Saved data entries:
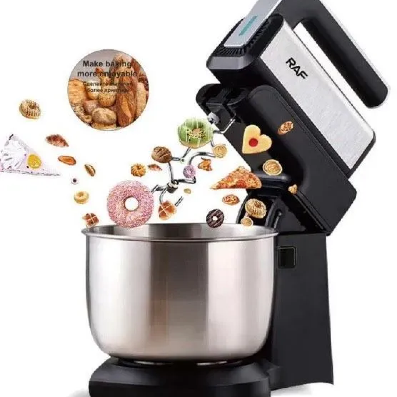 Миксер с чашей RAF R.6652 — идеальный помощник на вашей кухне. Стильная, надежная, практичная модель настольного миксера поможет вам в приготовлении кулинарных шедевров. Готовьте с удовольствием благодаря функциональному комбайну в элегантном дизайне.
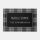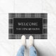 Felpudo Cuadro de plaid búfalo negro blanco con nombre de
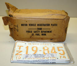 #512 - Large Lot of 1974 MN NOS Plate--all 1974--various prefixes
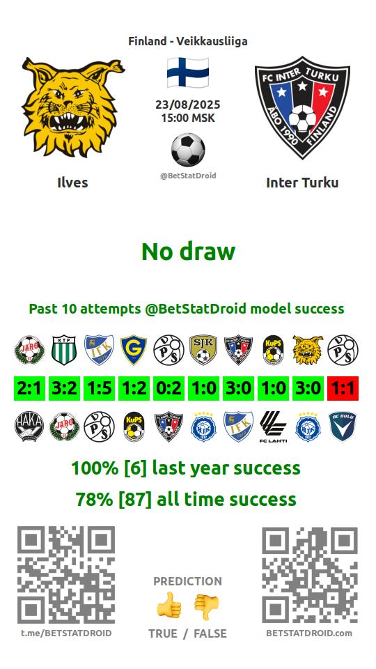 ✔ Интер Турку забивает меньше 2,5 голов в 13 матчах
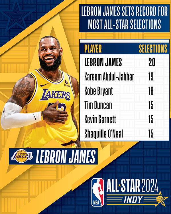 39岁詹姆斯的全明星总票数领跑西部,再次成为西部全明星阵容的队长,职业生涯第20次入选全明星阵容连创历史第一纪录——连续20年全明星首发刷新历史第一纪录,第20次入选全明星超越贾巴尔成为史上入选全明星次数最多的球员。
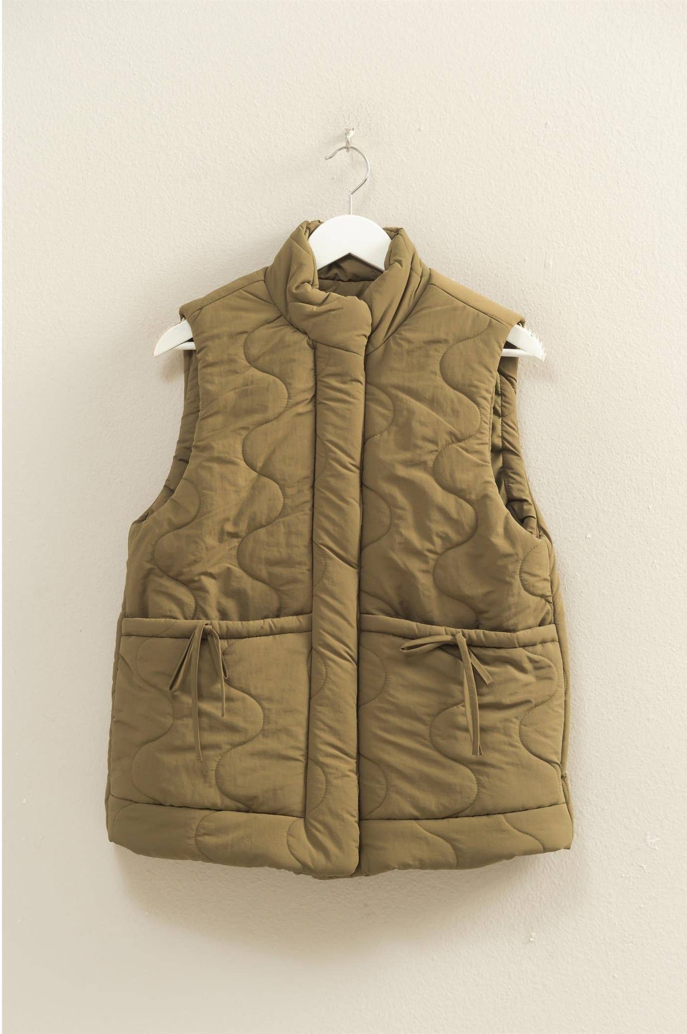 HYFVE - Olive Wave Quilted Ribbon Tie Detailed Puffer Vest

**Required work:**
Repeat the records above word for word. Pictures stay out of the copy.

**Task answer:**
 Миксер с чашей RAF R.6652 — идеальный помощник на вашей кухне. Стильная, надежная, практичная модель настольного миксера поможет вам в приготовлении кулинарных шедевров. Готовьте с удовольствием благодаря функциональному комбайну в элегантном дизайне.
 Felpudo Cuadro de plaid búfalo negro blanco con nombre de
 #512 - Large Lot of 1974 MN NOS Plate--all 1974--various prefixes
 ✔ Интер Турку забивает меньше 2,5 голов в 13 матчах
 39岁詹姆斯的全明星总票数领跑西部,再次成为西部全明星阵容的队长,职业生涯第20次入选全明星阵容连创历史第一纪录——连续20年全明星首发刷新历史第一纪录,第20次入选全明星超越贾巴尔成为史上入选全明星次数最多的球员。
 HYFVE - Olive Wave Quilted Ribbon Tie Detailed Puffer Vest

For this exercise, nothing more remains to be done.